Bipartisan bill would pave way for law enforcement to tap now-anonymous users' calls, seeks to target drug dealers, terrorists.
Since prepaid cell phones don't require a contract, credit check or identification to purchase them, they are one of the last remaining anonymous communication tools.
Used by the poor, reporters, their sources, whistleblowers, abused spouses and anyone needing an untraceable phone number, they've also become the device du jour of drug dealers and terrorists who want to avoid the eyes and ears of law enforcement. While such phones pose problems for police agencies -- they can't be wiretapped as can traditional cell phones and land lines -- their purposes are far-reaching.
But this safety net or criminal-enabling device -- depending on one's perspective -- may be eliminated if a newly introduced Senate bill passes.
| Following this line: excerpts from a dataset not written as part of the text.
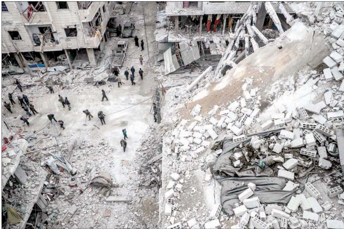
سوريون وسط الدمار في دوما بالغوطة الشرقية لدمشق في 22 فبراير 2018

لهذه المقاربة أمر جوهري، إضافة إلى الاعتراف بالمصالح الشرعية لروسيا، ثم التعاون معها لتحديد نقاط مشتركة على أمل المضي قدماً نحو الحل السياسي وتنفيذ القرار الدولي 2254، وكان هناك رهان على أن يفضي الحوار بين مبعوثي الرئيسين بابين وبوتين في جنيف الذي تضمن إلى الآن جولتين في بداية يوليو (تموز) ومنتهى في 2254 واللجنة الدستورية ودور إيران وعودة اللاجئين والنازحين، و«العرض» المقدم من الأطراف الأخرى فيما يتعلق بالتحكيم والانتخابات السياسية والدبلوماسية، واستثناءات من العقوبات وتمويل بنية تحتية، والتعاون المشترك ضد الإرهاب.
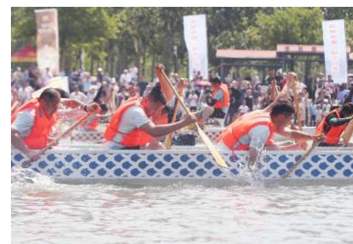
全力拼搏,奋勇争先。
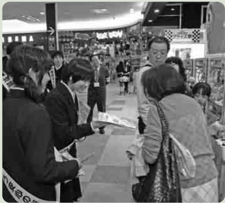
中学生も買い物客に防犯の呼びかけを

キャンペーンには、防犯ボランティア団体をはじめ21団体・約120名が参加し、下妻中学校生徒会代表により力強い決意表明も行われまし
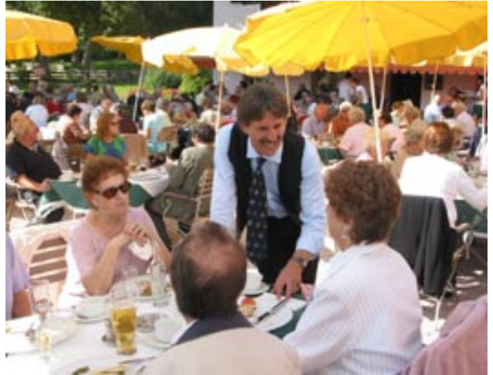
Der Bürgermeisterausflug führte heuer zum Speckbacherhof.
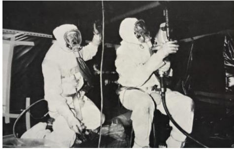
Figure 1 : Travaux au cœur du réacteur accidenté, ATEN, 1970

Après plusieurs mois de travaux, le réacteur est recouplé au réseau électrique le 16 octobre 1970. Il n'est pas nettoyé intégralement et des filtres ont été disposés pour récupérer les débris restants après le redémarrage.
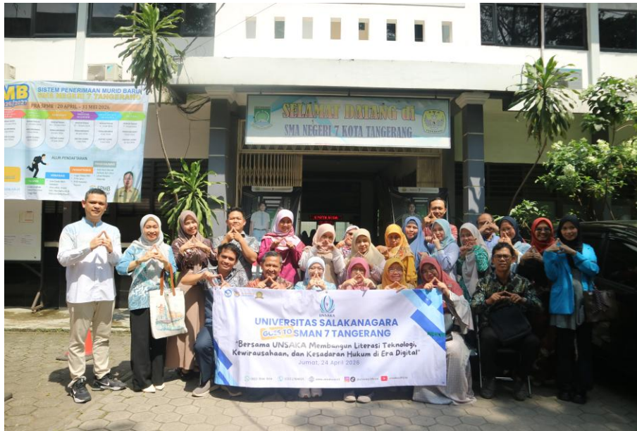
Gambar 2 Kegiatan Pelaksanaan PKM

A bipartisan pair of Senate leaders recently introduced legislation that would require prepaid cell phone purchasers to present identification and cell phone companies to keep that information on file for 18 months after the phone's deactivation.
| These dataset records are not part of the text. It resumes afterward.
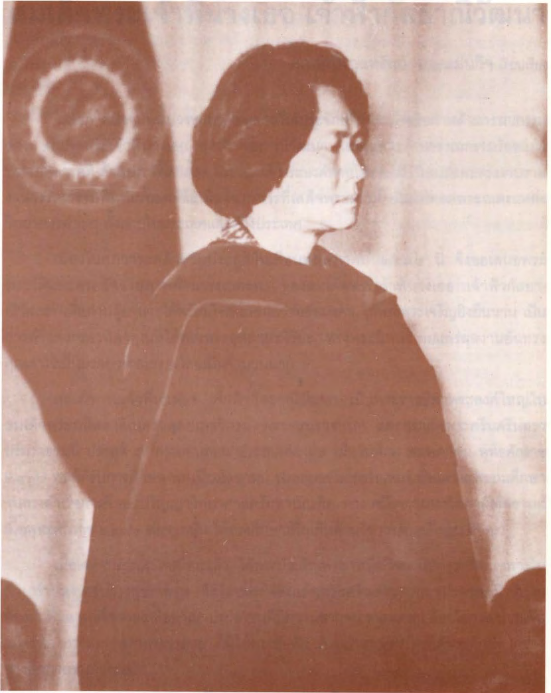
สมเด็จพระเจ้าพี่นางเธอ เจ้าฟ้ากัลยาณิวัฒนา
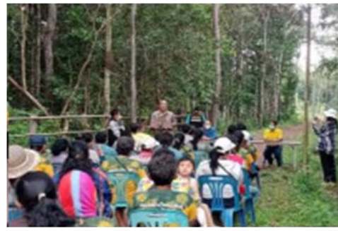
อบรมโครงการการผลิตพืชและการดูแล พืชอาหารสัตว์
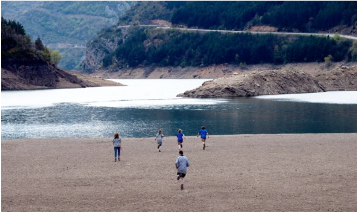
Abb. 4: Draußen wartet der Spaß!

Tagen reden, dürfte der Umfang überschaubar bleiben.
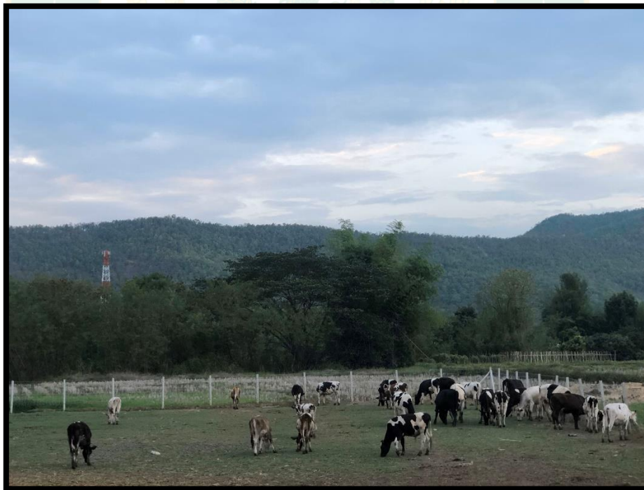
ภาพผนวกที่ 6 การเลี้ยงโคนมแบบปล่อยอิสระในคอก
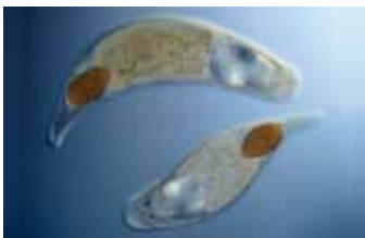
Trilhaarwormen - Turbellaria

echte platwormen (DAWKINS 2004, TYLER ET AL. 2006-2009). Platwormen worden in twee groepen verdeeld: de Catenulida en de Rhabditophora, waartoe alle overige vrijlevende en parasiti-
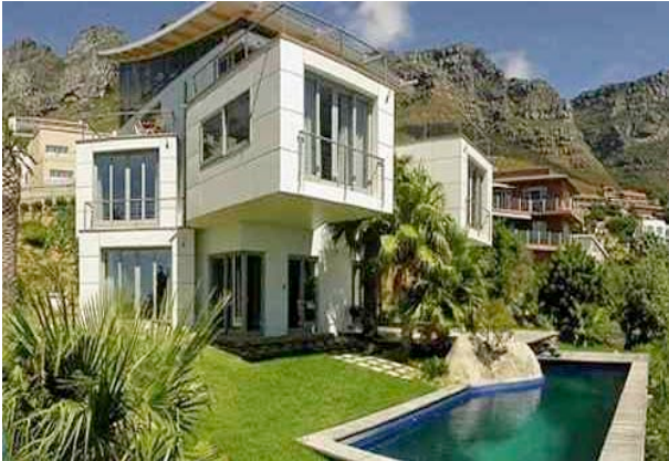
Exklusiv für SA Travel Kunden: Lobster House

Im noblen Atlantikvorort Camps Bay mit der Bergkette der mächtigen Twelve Apostels im Rücken sowie einem atemberaubenden Blick auf den Ozean liegt dieses architektonische Kleinod, welches unter den vielen Gästehäusern Kapstadts seines Gleichen sucht. (6 Zimmer: Bad/WC, Klimaanlage, TV, Radio/CD. Gästehaus: Pool, Garten, Lounge, Terrasse, Bar)
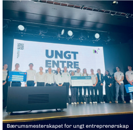
Bærumsmesterskapet for ungt entreprenørskap

"Although there are many legitimate users of prepaid cell phones, they have also become the communication device of choice for terrorists, drug lords and gang members interested in masking their identities," stated a press release from Sen. Charles E. Schumer, D-N.Y. "Since they can be purchased and activated without signing a contract or undergoing a credit check, prepaid cell phones provide virtual anonymity."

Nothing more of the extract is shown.